Together, the initiative will encourage football fans to look after their own mental health, and support friends and family who may be struggling. They can start this by completing a ‘Mind Plan’, a quick and free tool from Every Mind Matters that has already been completed over one million times.
By taking a minute to answer a few questions about how they are feeling, fans will get their own personalised action plan. Clinically assured by the NHS, the plan recommends a range of evidence based self-care actions for each individual, which are designed to deal with stress, boost their mood, improve sleep and feel more in control – preventing these common mental health concerns escalating into more serious, clinical conditions.
Duncan Selbie, chief executive of PHE, said: “As every fan knows, football has its highs and lows - and so does life.
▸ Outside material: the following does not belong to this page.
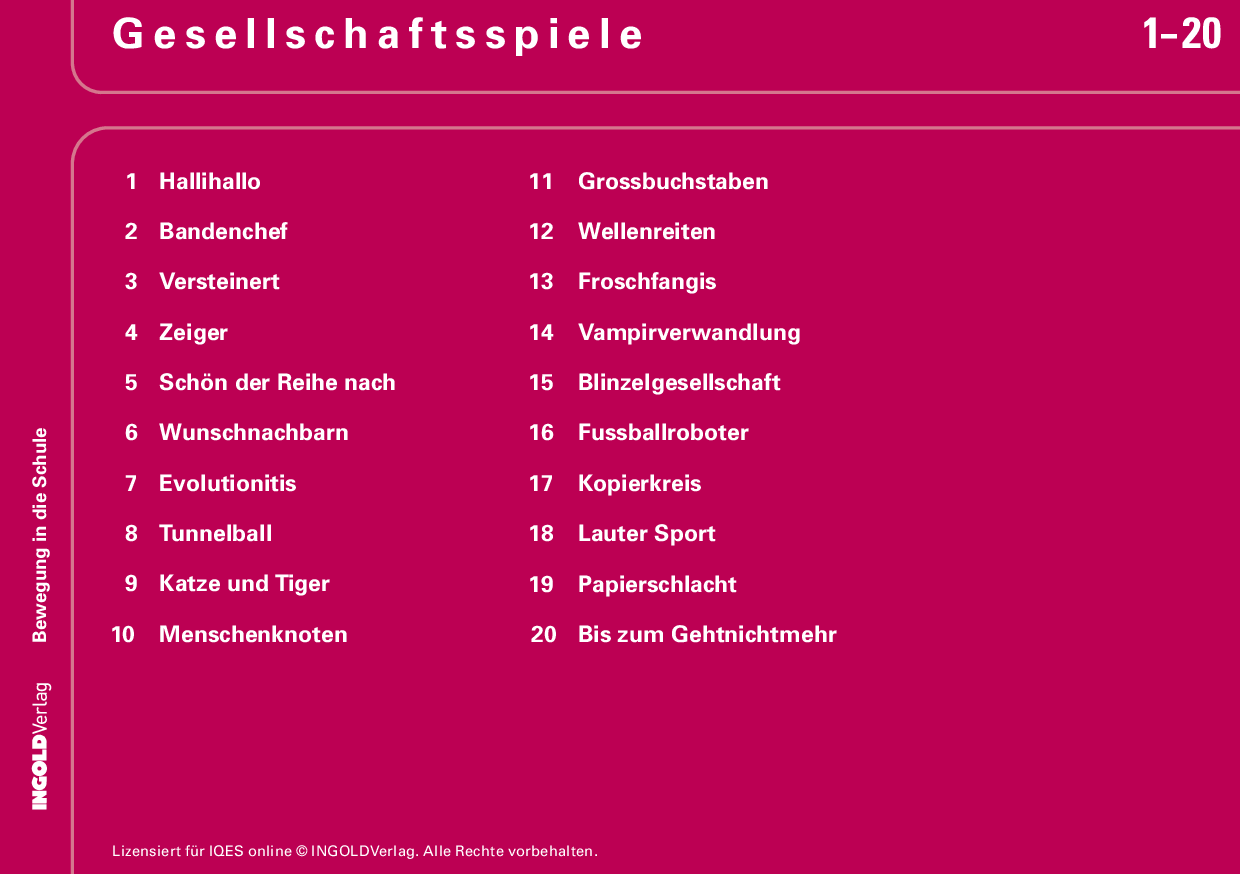 Auf 160 Karten, eingeteilt in acht Kapitel, präsentiert Patrick Fust sein Best-of von Ideen für regelmäßige Bewegungs- und Entspannungssequenzen sowie bewegtes Lernen im Schulalltag.

This is a fantastic opportunity to bring the football community together in an important conversation about how we can all take care of our mental health, starting with a few simple actions.”
Godric Smith, chair of the Heads Up campaign, comments: “Football is already doing some great work on mental health but it is really encouraging to see the whole game uniting around the Heads Up campaign in 2020 starting with the Emirates FA Cup third round. Support your team. Support your mates. And support yourself. The Every Mind Matters website is a great place to start. We all have mental health and we can all take a minute to think more about it and take simple, positive steps.”
Mark Bullingham, The FA’s Chief Executive, said: “We hope that the symbolic 60 second delay to all Emirates FA Cup third round fixtures will be the start of a journey for better mental health for the millions who will be watching one of English football’s most famous weekends. We’re delighted to have an association with Public Health England for this Round and to signpost fans to their ‘Every Mind Matters’ website, one of the simple steps that is readily available to drive change.”
Dr Hilary Jones, comments: “Most of us experience some sort of mental health difficulty during our lives and we know that men in particular struggle with acknowledging and acting on any problems. We hope this new partnership will be able to reach men and women in a way that helps them to take action to look after their mental health.”
The Emirates FA Cup third round kicks-off on Saturday 4th January at 12.31pm with games taking place across the weekend.
Fans can search Every Mind Matters to create their own personal mental health action plan or visit www.everymindmatters.co.uk.
Those in need of immediate support can text ‘HeadsUp’ to 85258 to be connected to a trained crisis counsellor. This service is available 24/7, and free to text from most mobile networks.
In conjunction with Heads Up charity partners Mind, CALM, Heads Together and Sporting Chance, fans will also be provided with helpful tips and advice on The FA website on how they can approach managing their mental health, at www.thefa.com/headsup.